Typical hybridization for reference virus strains B/Beijing/184/93 and B/Shangdong/7/97 on a subarray. For purposes of visual presentation, hybridization patterns obtained for multiplex PCR products containing PB2, PB1, PA, and HA segments and NP, NA, M, and NS segments were combined in one image. (A) Hybridization spots for labeled single-stranded DNA samples of Beijing virus homotypically hybridized with 20 Beijing-complementary oligoprobes and heterotypically hybridized with 20 Shangdong-complementary oligoprobes (control). (B) Hybridization spots for labeled single-stranded DNA samples of Shangdong virus heterotypically hybridized with 20 Beijing-complementary oligoprobes (control) and homotypically hybridized with 20 Shangdong-complementary oligoprobes. The hybridization spots in the rows of a subarray represent hybridizations of a Cy-5 fluorescently labeled single-stranded DNA sample with different oligoprobes printed in the row. For purposes of visual presentation and inspection, the vertical line going through the subarray separates three columns containing the Beijing-complementary oligoprobes (on the left side of the subarray) and the three columns containing the Shangdong-complementary oligoprobes (on the right side of the subarray). Each row on a subarray represents oligoprobes of one genome segment of influenza virus. The oligoprobes were printed in a mirror symmetry manner relative to this line (see details in Fig. 1). The identifiers of genome segments are showed on the left in panels A and B. The PB2, PA, NP, and NS genome segments of the Beijing and Shangdong strains are represented by three different oligoprobes and by three observed hybridization spots.
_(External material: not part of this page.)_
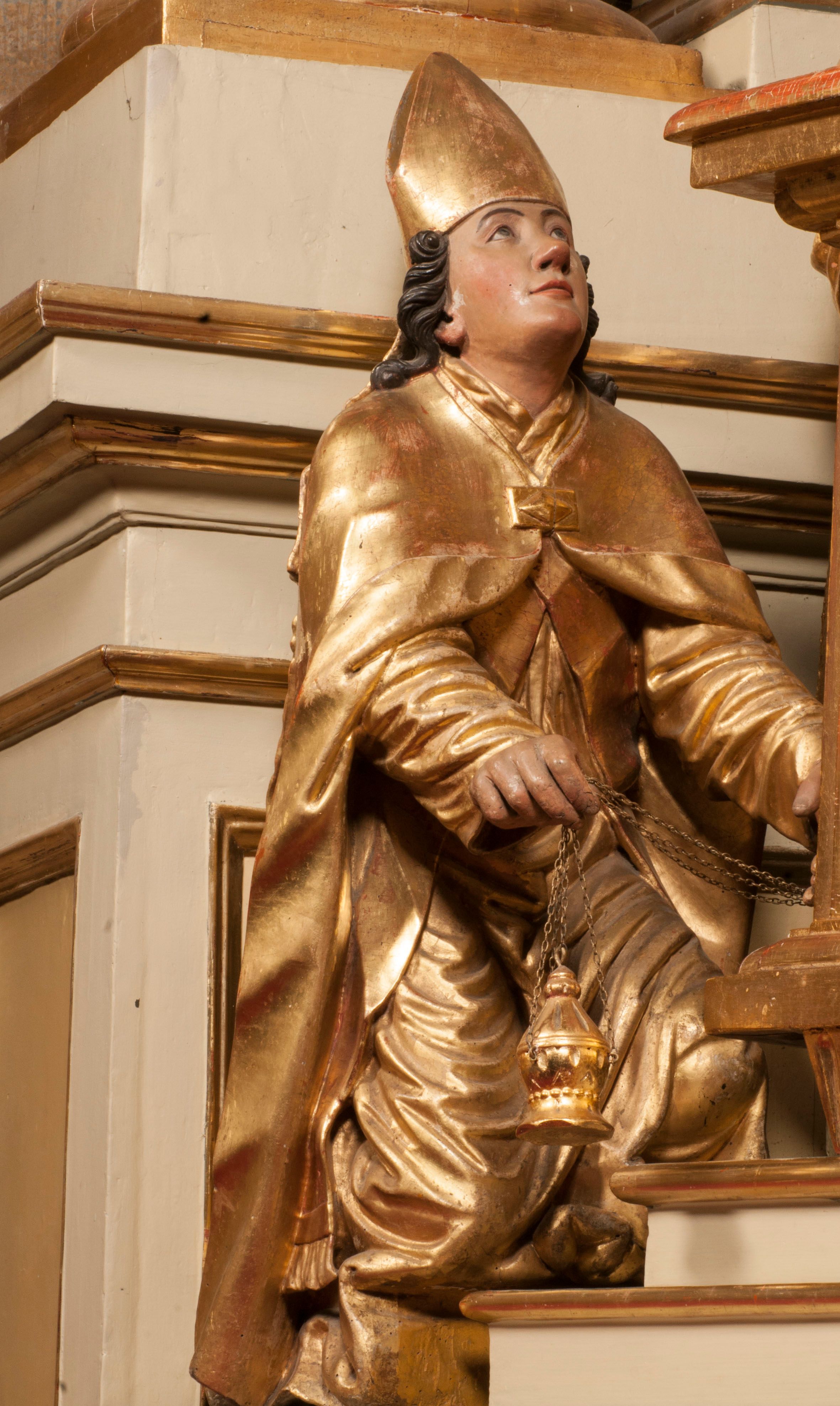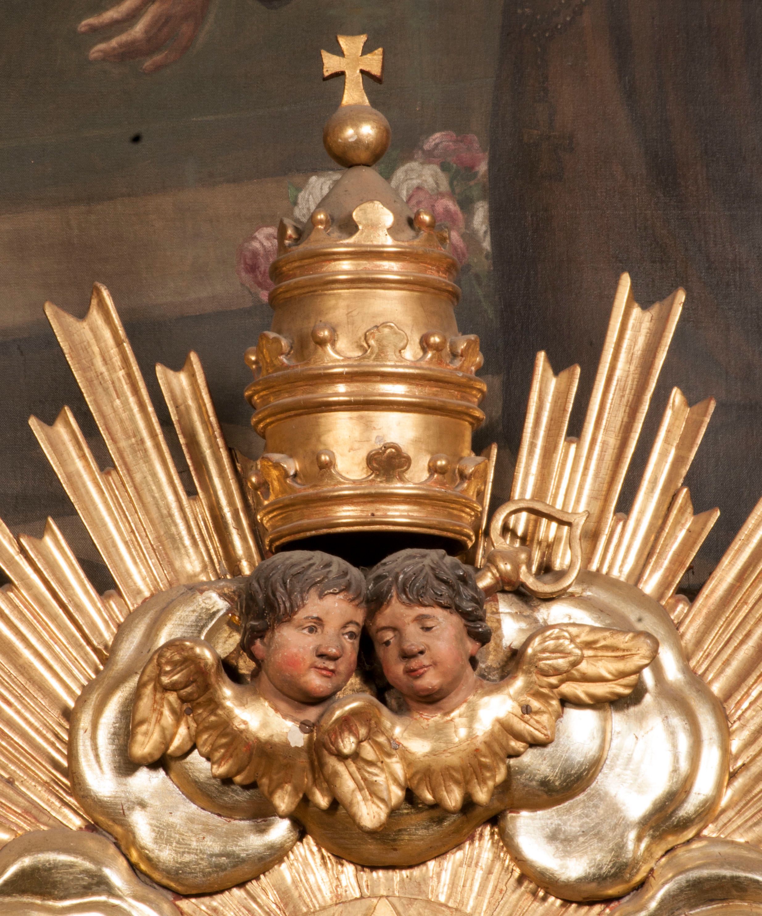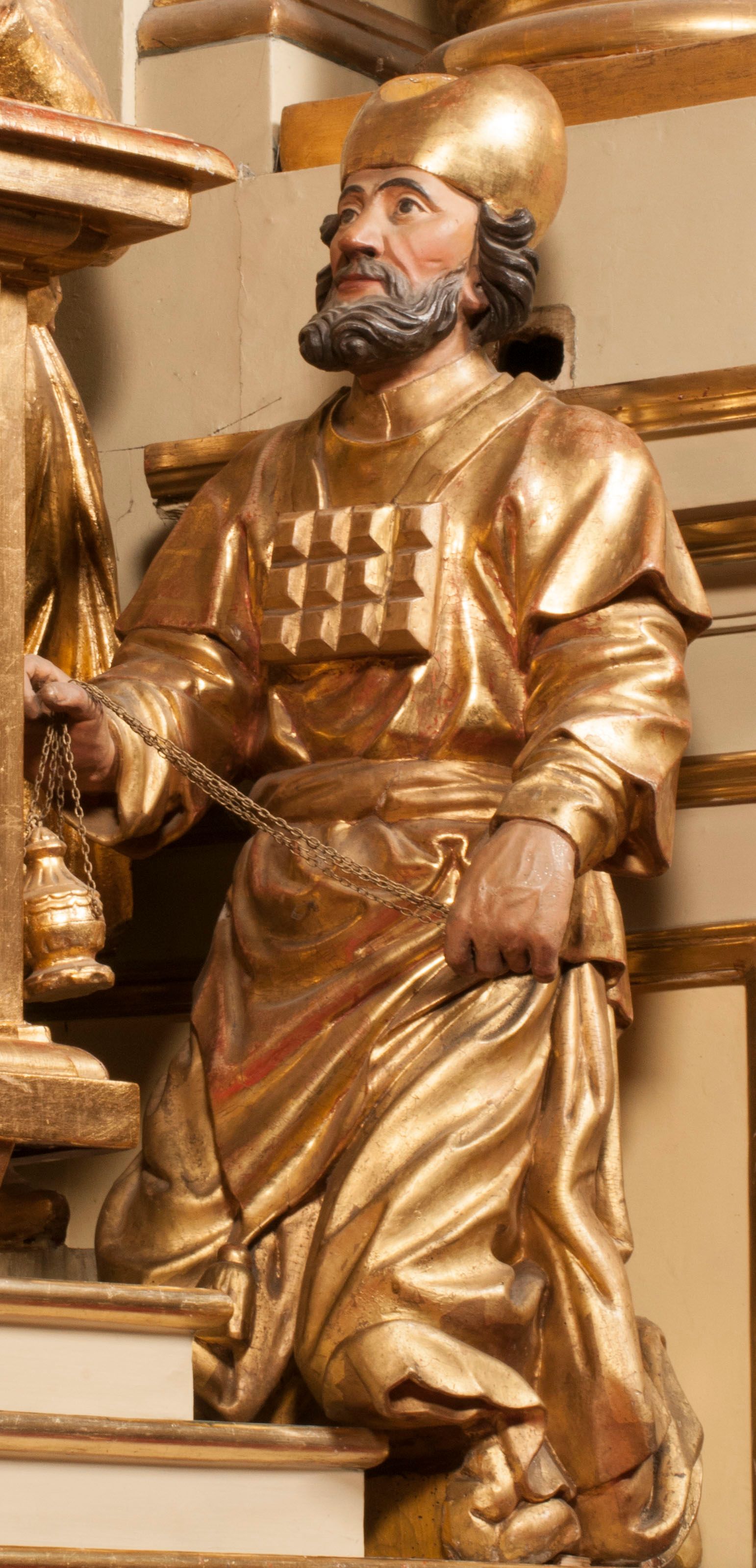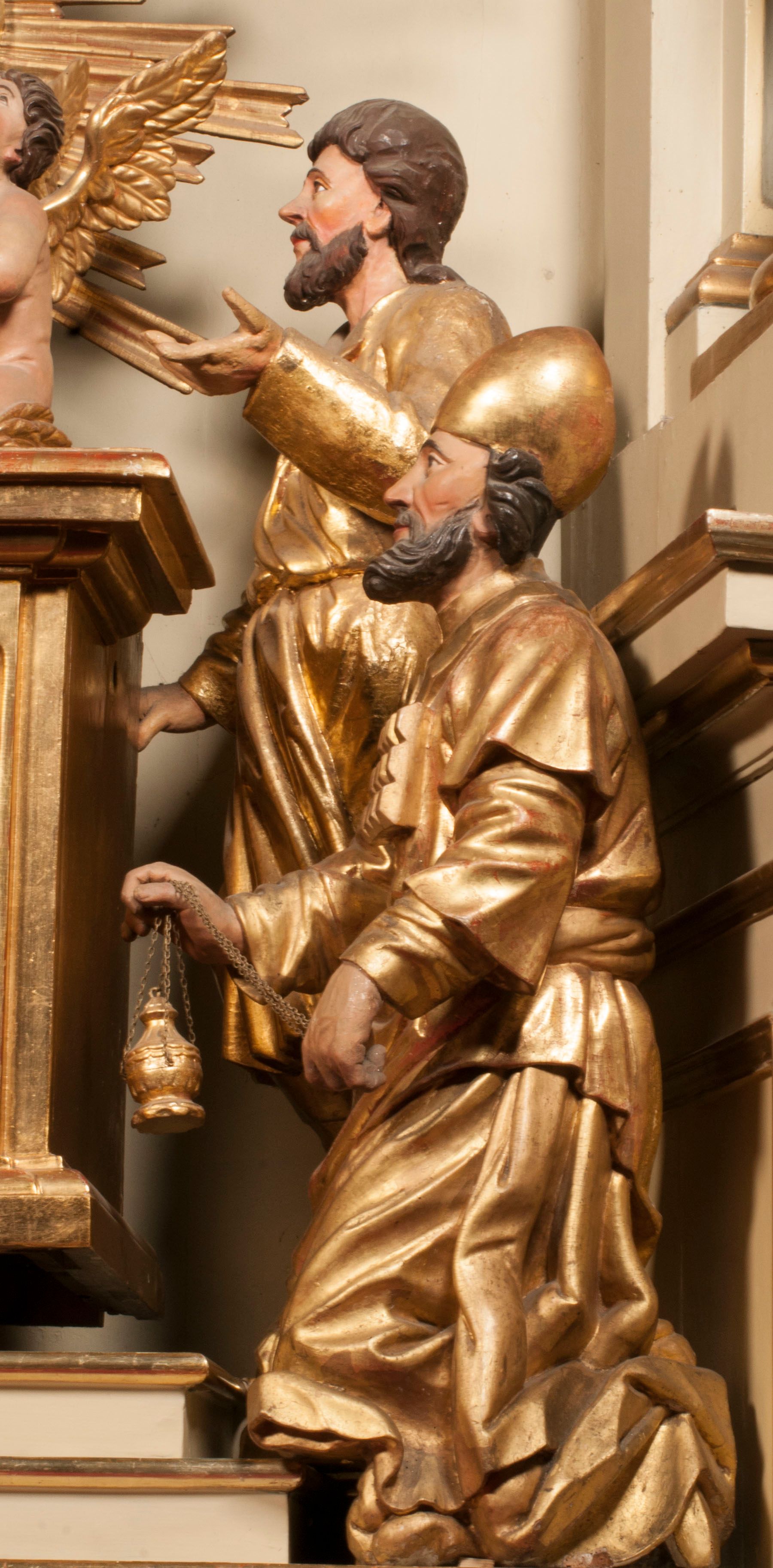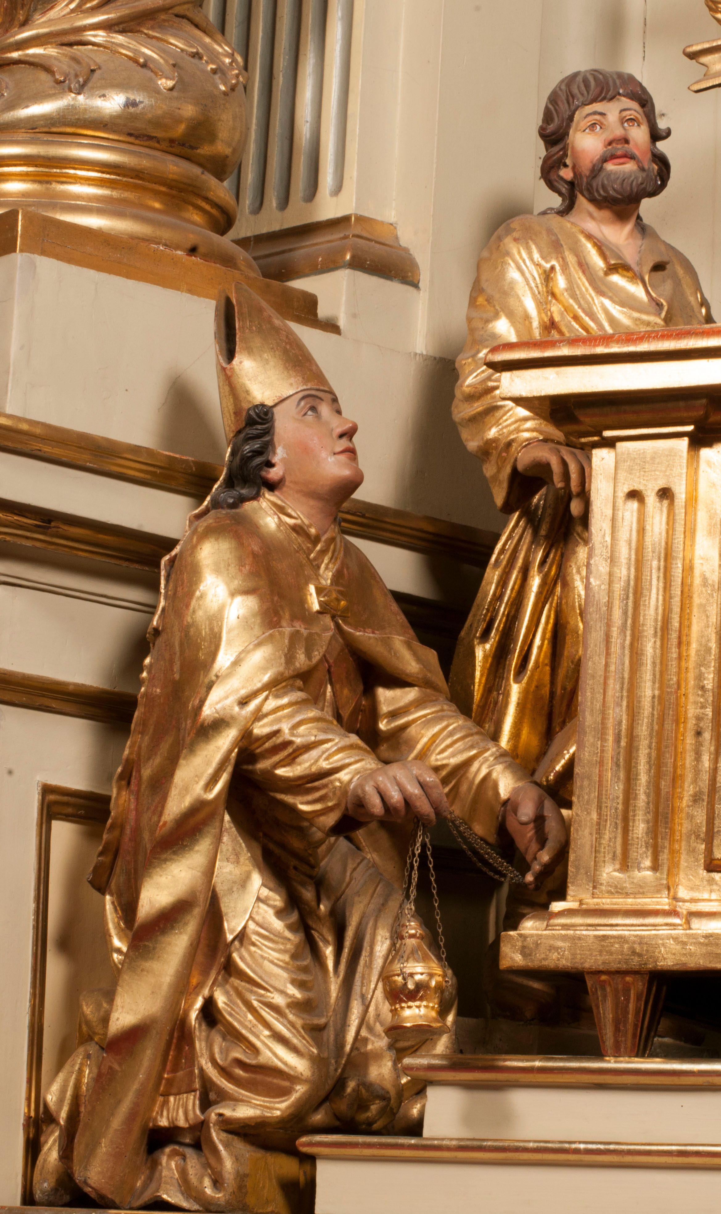 Tabernakulum w formie Arki Przymierza, adorowanej przez dwie klęczące figury starotestamentowego arcykapłana i biskupa oraz dwie stojące postacie lewitów oraz klęczące aniołów, zwieńczonej glorią promienistą z okiem Opatrzności. Wsparte na ośmiu cylindrycznych nóżkach prostopadłościenne tabernakulum jest od frontu podzielone na trzy pola wyznaczone kanelowanymi listwami. Pole środkowe stanowią drzwiczki z rytymi cyframi Dekalogu z ukrzyżowanym Chrystusem, pola boczne z wiązką pałek wodnych z jednej i winnym gronem z drugiej strony. Na skłębionych chmurach z podestem leży Baranek (obecnie w jego miejscu znajduje się figura Matki Boskiej). W tle znacznej wielkości gloria promienista z wieńcem chmur i umieszczonym w nim okiem Opatrzności oraz dwie uskrzydlone główki, nad którymi papieska tiara ze skrzyżowanymi kluczami. Po bokach Baranka dwa klęczące, uskrzydlone nagie aniołki. Obok tabernakulum dwie klęczące postacie z kadzielnicami w rękach. Postać po lewej w stroju biskupim, w albie, stule i kapie oraz infule z dwiema taśmami. Postać po prawej stronie jest ubrany w tradycyjny starotestamentowy strój – efod czyli tunikę i płaszcz wierzchni przepasany na biodrach, pektorał na piersi i zawój na głowie. Za nimi dwaj stojący lewici w tunikach przepasanych na biodrach i wysokich butach. Adorujące Baranka anioły w pozycji klęczącej z rękami skrzyżowanymi na piersi, ze skrzydłami na plecach i nogami w połowie utworzonymi ze skrzydeł.

The PB1, NA, HA, and M genome segments of these strains are represented by two different oligoprobes and by the two hybridization spots. In the last case, two “empty” spots on the rows of the subarray are observed.

FIG. 3.

Discrimination of hybridization patterns of four different reassortants on a subarray. See details in the text. Microarray elements specific to the prevailing RNA segment are boxed.

FIG. 4.

RFLP of NS segments digested by HgaI. Lane 2, reassortant (the size of the band undigested by HgaI is 1,030 bp, and the sizes of the digested bands are 730 and 300 bp); lane 3, Beijing (the size of the band undigested by HgaI is 1,030 bp); lane 4, Shangdong (the sizes of the bands digested by HgaI are 730 and 300 bp); lanes 1 and 5, DNA ladders.

FIG. 5.

Hybridization of mixed samples with NS segment oligoprobes. The initial Shangdong sample (175 mM) was diluted to final concentrations of 10 and 5% in a Beijing sample (175 mM) and then hybridized with Shangdong-specific oligonucleotides. The heterotypic hybridization signal of the Beijing sample to Shangdong-specific oligoprobes was set as the control. The hybridization was repeated five times. The error bars represent standard deviations.